When I look at the GATE maven repo directory, it also shows that the jar it was complaining about is actually there: http://repo.gate.ac.uk/content/groups/public/uk/ac/gate/plugins/learningframework/4.3-SNAPSHOT/ The pom is here http://repo.gate.ac.uk/content/groups/public/uk/ac/gate/plugins/learningframework/4.3-SNAPSHOT/learningframework-4.3-20200319.085157-7.pom

Does this problem persist for you when you try again, @Jacky-Miu ?

Jacky-Miu commented 4 years ago

The error message was gotten when I tried to load the Learning Framework 4.3-SNAPSHOT to my Gate Developer.
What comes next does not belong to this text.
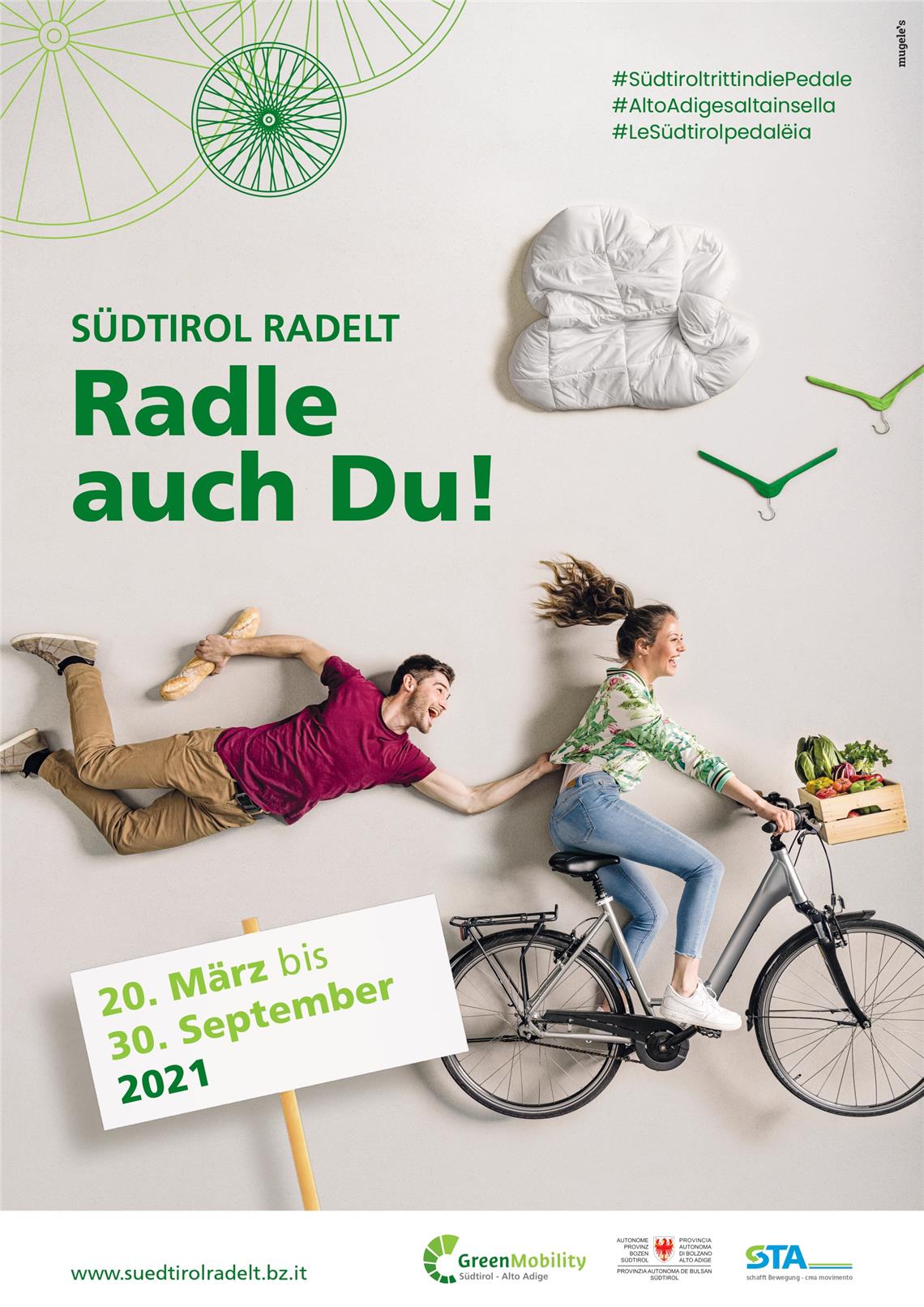 Für alle Südtirol-radelt-Aktionen gelten die jeweils aktuellen Corona-Bestimmungen. Südtirol radelt wird von Green Mobility in der STA - Südtiroler Transportstrukturen AG organisiert.

I used the CREOLE Plugin Manager to do the following:

  1. Click "+" to add a new CREOLE plugin
  2. Enter the following in the relevant boxes: Group: uk.ac.gate.plugins Artifact: LearningFramework Version: 4.3-SNAPSHOT Note: I have to use "LearningFramework" in the Artifact box instead of "learningframework" this time, which was different from the very first time when I loaded this 4.3-SNAPSHOT plugin.
  3. The "Learning Framework (4.3-SNAPSHOT)" was shown in the Plugin Manager, so I clicked on this plugin and then clicked "Apply All". The error message was gotten at this time, and the plugin could not be loaded. Note: When I did the above today, I was first able to load the "Learning Framework (4.3-SNAPSHOT)", but not the next time after I've unloaded and reloaded this plugin again. The same error message appeared when I executed step 3 above. So I think I need to clear something first before I can load this plugin.
  4. Even though I was successful in loading the "Learning Framework (4.3-SNAPSHOT)" earlier today, I still could not see the debug parameter in the LF_ApplyChunking PR. So I am wondering if there's something I need to clear first.
    Thank you again for helping in this process! Much appreciated!
ianroberts commented 4 years ago

Note: I have to use "LearningFramework" in the Artifact box instead of "learningframework" this time, which was different from the very first time when I loaded this 4.3-SNAPSHOT plugin.

That is definitely wrong - the artifact ID is learningframework all lower case. I suspect this is what is causing the error, if you're on Windows or Mac where your local filesystem is case-insensitive then Aether will have been able to find the metadata files in your .m2/repository under the mixed-case name (on a case-insensitive filesystem when I ask for LearningFramework/4.3-SNAPSHOT/maven-metadata.xml the it will give me the contents of learningframework/4.3-SNAPSHOT/maven-metadata.xml without causing an error at that stage) but then failing when it tries to fetch the actual JAR files from the remote repository under the mixed-case name (which doesn't exist - on the repository it has to be learningframework in lower case only).

I suggest, if you can, try to delete the whole of your .m2/repository/uk/ac/gate/plugins/learningframework folder and remove any "Learning Framework" plugins from your plugin manager, then try again with the correct group and artifact IDs all in lower case. The .m2 folder is under your home directory, typically C:\Users\<yourname> on Windows or /Users/<yourname> on Mac.

Jacky-Miu commented 4 years ago

Thank you, Ian! I've successfully loaded the updated 4.3-SNAPSHOT following your advice. Thank you again for your and Johann's help.